Personal information
- Full name: Alexandru Iuliu Csepreghi
- Born: 28 March 1987 (age 38) Baia Mare, Romania
- Nationality: Romanian
- Height: 1.95 m (6 ft 5 in)
- Playing position: Left Back / Middle Back

Youth career
- Years: Team
- 1998–2004: CS Marta Baia Mare

Senior clubs
- Years: Team
- 2004–2007: Minaur Baia Mare
- 2007–2014: HCM Constanța
- 2014–2018: US Créteil Handball
- 2018–2022: Minaur Baia Mare
- 2022-2023: CSM București
- 2023-2024: CSM Sighișoara

National team
- Years: Team
- 2006–2022: Romania

= Alexandru Csepreghi =

Romanian handball player (born 1987)

Alexandru Iuliu Csepreghi (born 28 March 1987) is a Romanian former handballer who is best known for his spells at HCM Constanța, US Cretail Handball and the Romania national team.
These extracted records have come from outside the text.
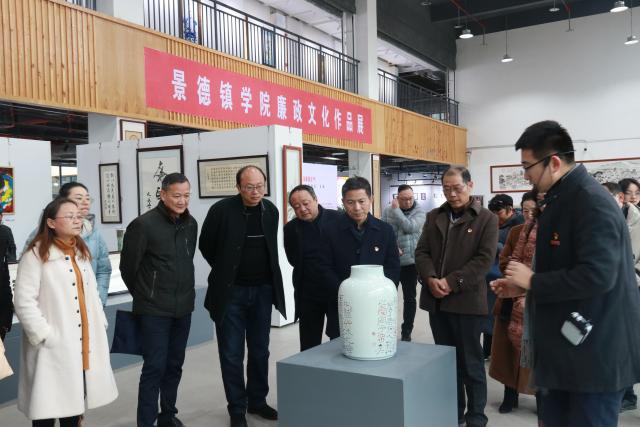 12月23日下午,由中共米兰milan官方网站纪律检查委员会主办、米兰milan官方网站陶瓷美术与设计艺术学院承办的学校“以艺促廉,德蕴清风”廉政文化艺术作品展在陶瓷美术与设计艺术学院一楼展厅举办。米兰milan官方网站党委委员、纪委书记李新荣出席展览活动,校纪委副书记程贤达主持活动,全体纪委委员,各党总支纪检委员、机关党支部纪检委员,全体专、兼职纪检干部,各教学单位、各职能部门党员领导干部,2020年新入职的青年教职工,参展作者和部分学生党员,共100余人参观了展览。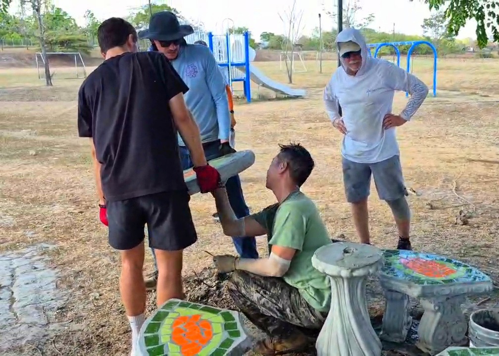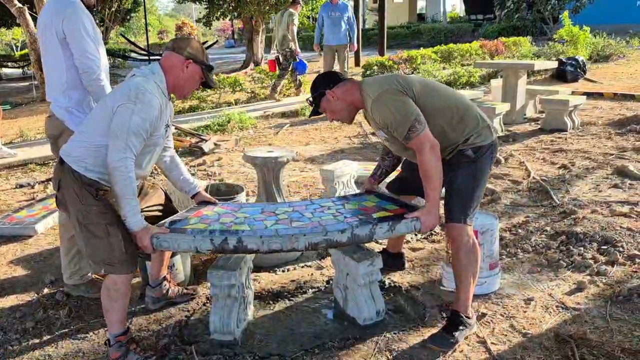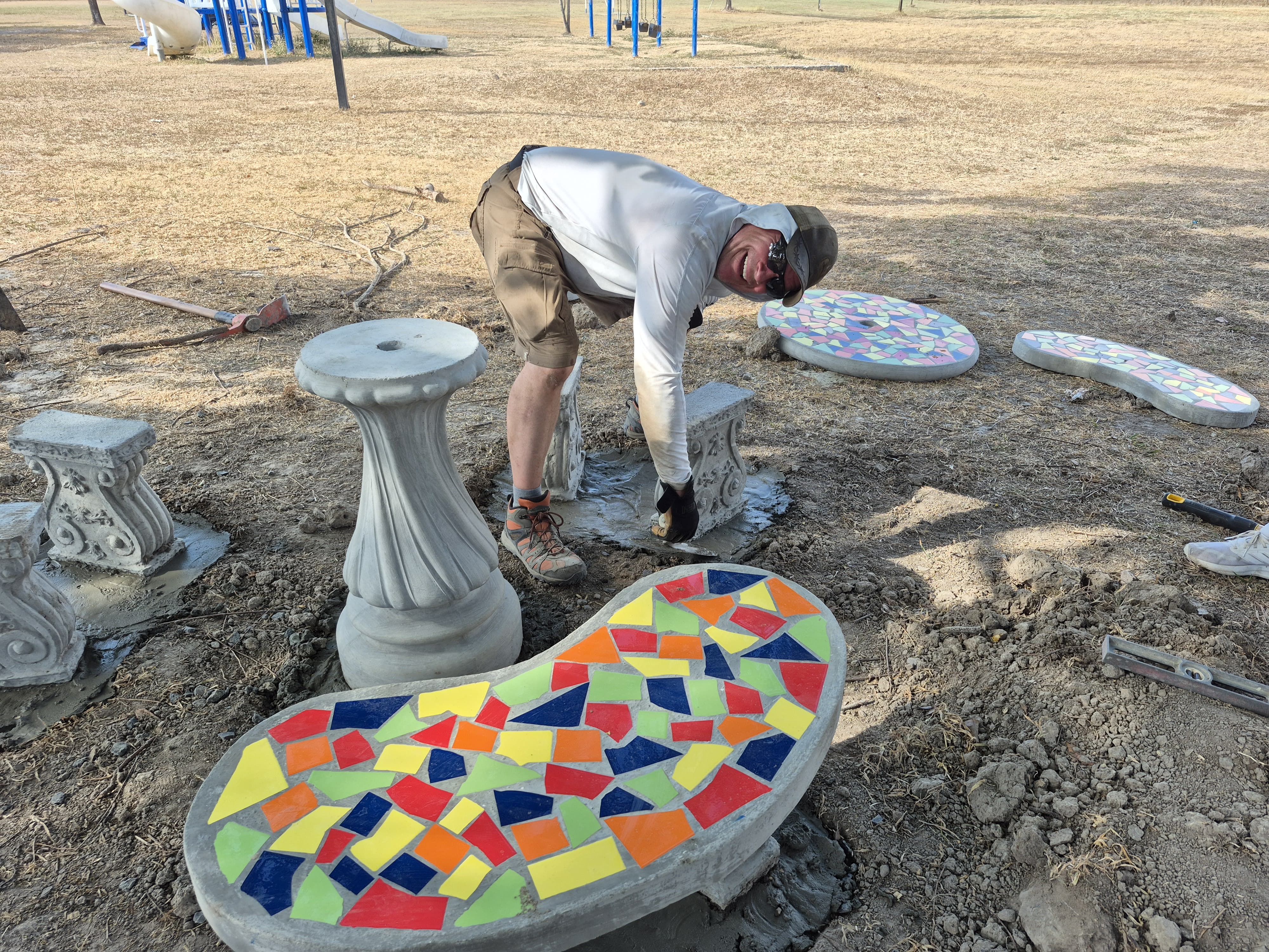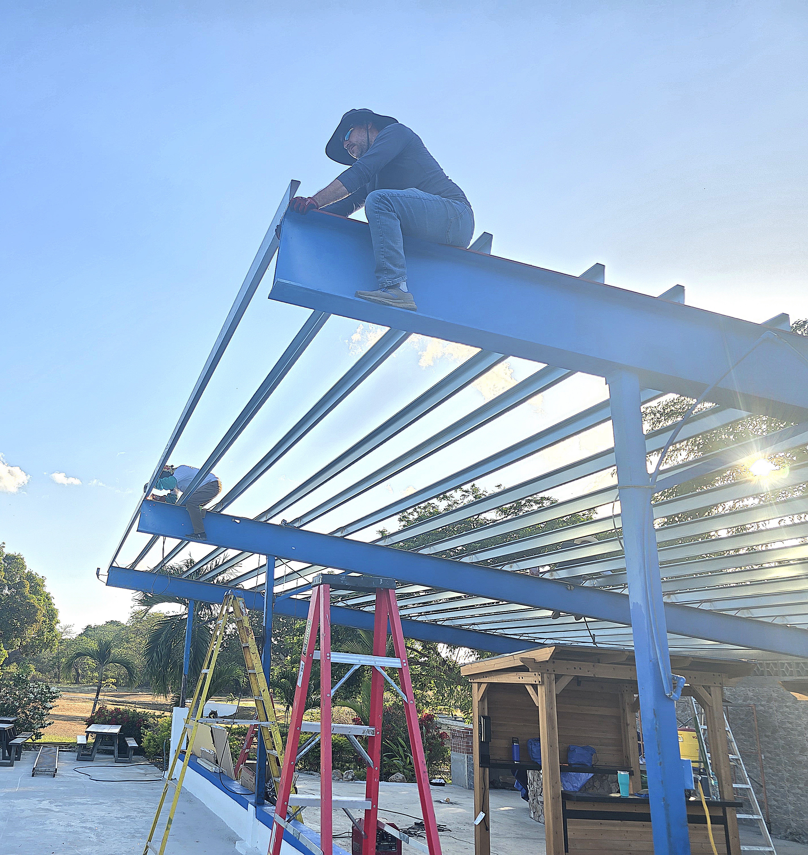 We hit a little setback today though around 9am with a power outage and had to stop doing stuff that involved power tools because the generator we had was not powerful enough to handle them all. So guys gathered together and worked on the projects that didn't need power tools. We went to lunch early and after a great lunch, we heard testimonies from the brothers on the team, Ryan and Adam, and prayed over them both after. God provided for us in a great way, because the power came back on around 3pm and we was able to finish the evening strong getting most of the welds done on 2 sections and the cementing of the benches and tables got finished.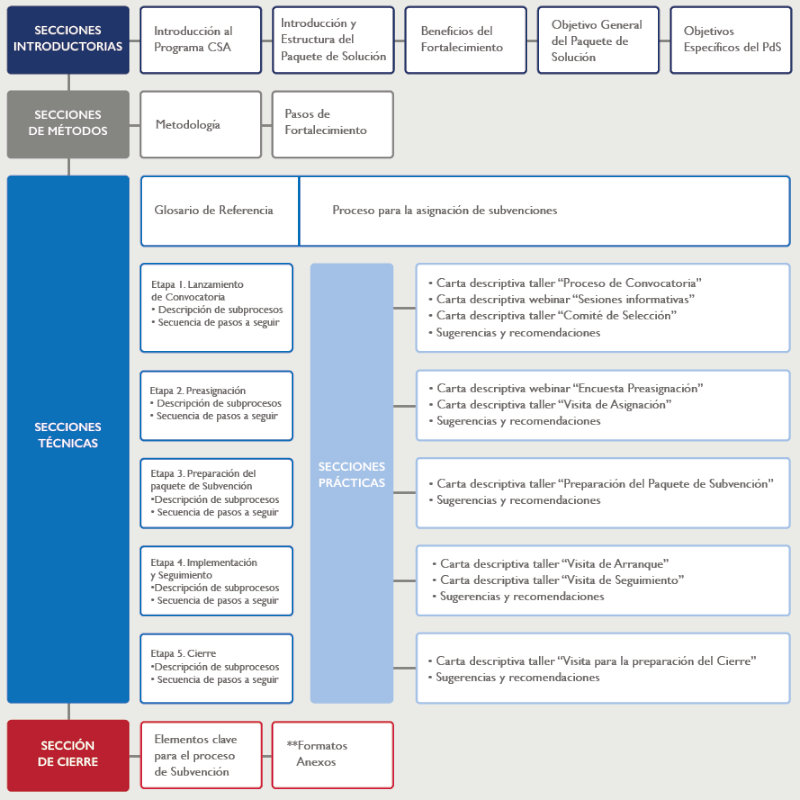 El Paquete de Solución Modelo de Gestión y Administración de Subvenciones, busca constituirse como una herramienta que le permita tanto a financiadores (ya sean agencias de cooperación, fundaciones, instituciones gubernamentales, etc.), así como a organizaciones de base, conocer de forma esquemática y organizada, el proceso para la asignación y administración de subvenciones en su totalidad, es decir, tanto las diversas etapas y componentes que lo conforman, como los requisitos y sub-procesos que integran cada etapa, con la finalidad de proporcionarles una guía de referencia para el desarrollo y/o fortalecimiento de sus procesos de asignación y administración de subvenciones.

Currently he is manager and coach of his own handball academy Academia de Handbal "Alexandru Csepreghi".

==Achievements==
- Liga Națională:
  - Gold Medalist: 2009, 2010, 2011, 2012, 2013, 2014
  - Silver Medalist: 2008
  - Bronze Medalist: 2005
- Cupa României:
  - Winner: 2011, 2012, 2013, 2014
- Supercupa României:
  - Winner: 2008, 2011, 2013
- EHF Cup:
  - Fourth place: 2014
- EHF Cup Winners' Cup:
  - Quarterfinalist: 2007, 2009

==Individual awards==
- Liga Națională Top Scorer: 2019
- Gala Premiilor Handbalului Românesc Liga Națională Most Valuable Player: 2019

==Personal life==
His mother was also a handball player. Csepreghi is married since 2010.